• _Task_
Make an exact copy of the lines from the one containing "Galaxy Research’in analizlerine" through the end of the records below, and leave out every picture.

Saved entries:
■ ■ ■ ■ ■
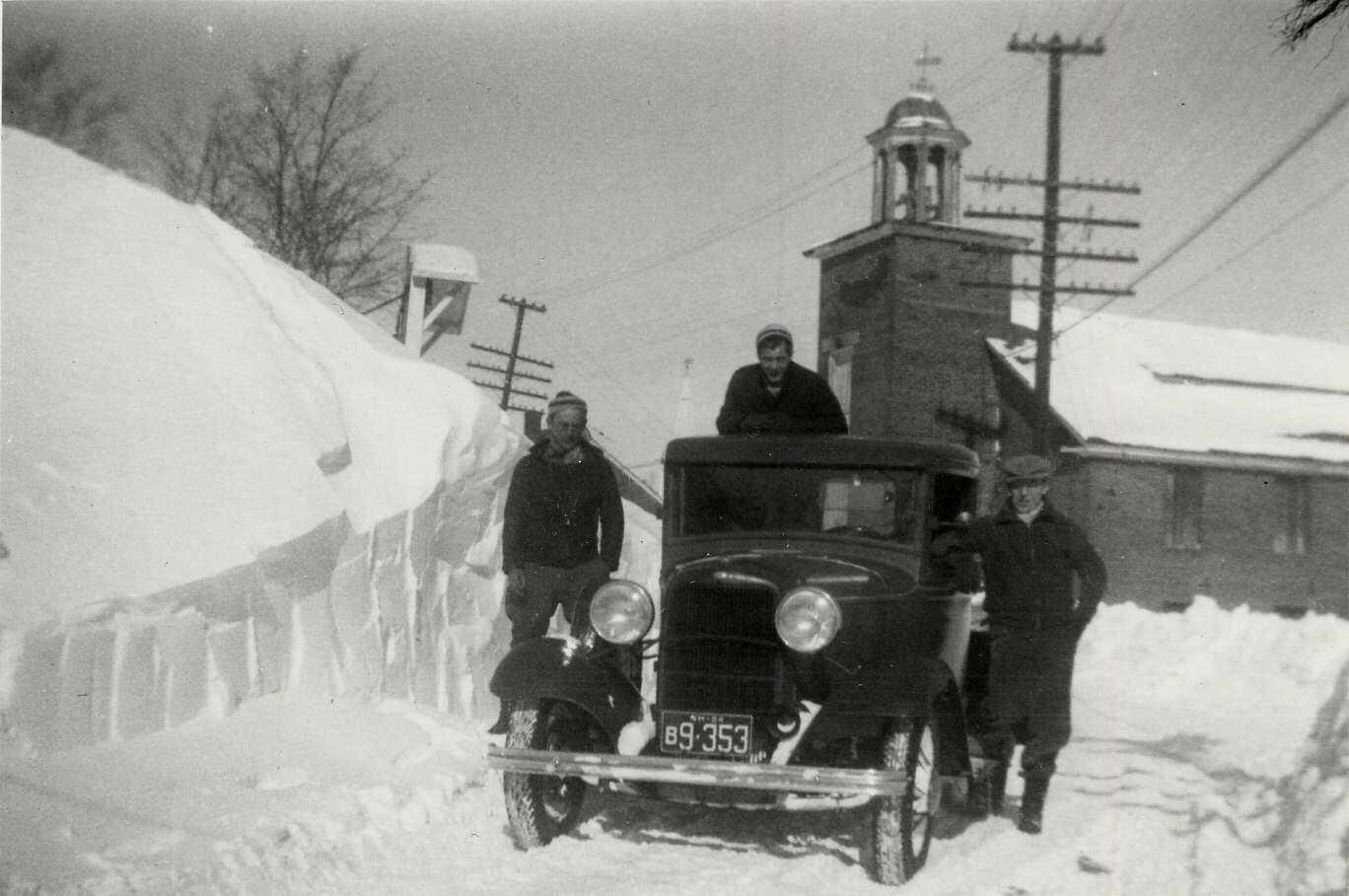 B&W photo View looking up Mill Hill after heavy snowstorm. Model A truck, 3 men and Harris Mill in background. Vantage: center of Mill Hill
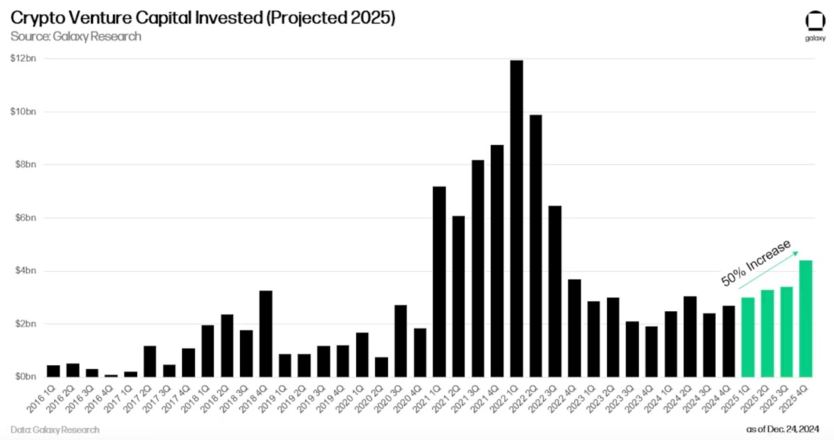 Galaxy Research’in analizlerine göre, Amerika Birleşik Devletleri’nde faiz oranlarının düşmesi ve daha net bir düzenleyici çerçevenin oluşması, bu yıl kripto girişim sermayesi faaliyetlerinde %50’lik bir artışa neden olabilir.
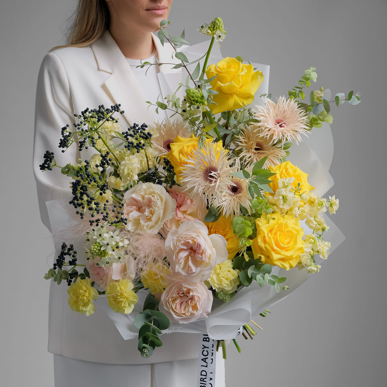 Букет, в который вложено много любви. Флористы студии Lacy Bird сделали его из самых свежих цветов, тщательно продумав его состав. Теперь он готов удивить красотой своего получателя!
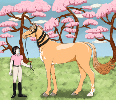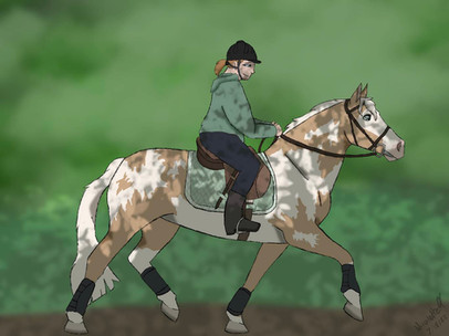 I think this is the first time my struggles with backgrounds has actually come in handy, considering I was having a hard time figuring out how to show motion. (Blurred background + Dust = Motion, or at least to me..) Both horse legs and BG's are like the bane of my existence, art wise (And honestly, saddles too.)
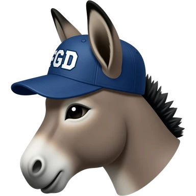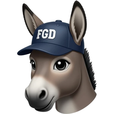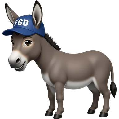 Donkey profile wearing a baseball cap with the letters FGD, front view emoji
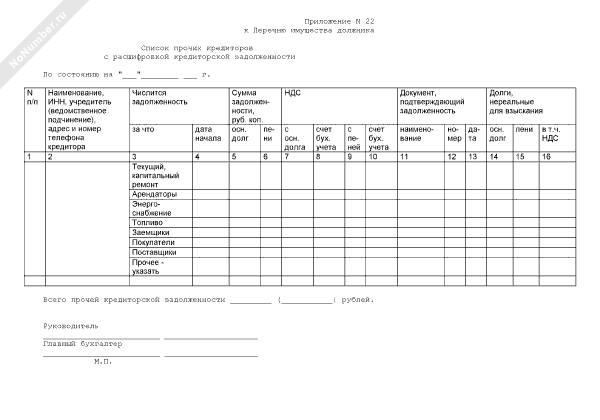 - 450Список прочих кредиторов с расшифровкой кредиторской задолженности (приложение к перечню имущества должника, в том числе имущественных прав)
■ ■ ■ ■ ■
• _Response area_
 Galaxy Research’in analizlerine göre, Amerika Birleşik Devletleri’nde faiz oranlarının düşmesi ve daha net bir düzenleyici çerçevenin oluşması, bu yıl kripto girişim sermayesi faaliyetlerinde %50’lik bir artışa neden olabilir.
 Букет, в который вложено много любви. Флористы студии Lacy Bird сделали его из самых свежих цветов, тщательно продумав его состав. Теперь он готов удивить красотой своего получателя!
 I think this is the first time my struggles with backgrounds has actually come in handy, considering I was having a hard time figuring out how to show motion. (Blurred background + Dust = Motion, or at least to me..) Both horse legs and BG's are like the bane of my existence, art wise (And honestly, saddles too.)
 Donkey profile wearing a baseball cap with the letters FGD, front view emoji
 - 450Список прочих кредиторов с расшифровкой кредиторской задолженности (приложение к перечню имущества должника, в том числе имущественных прав)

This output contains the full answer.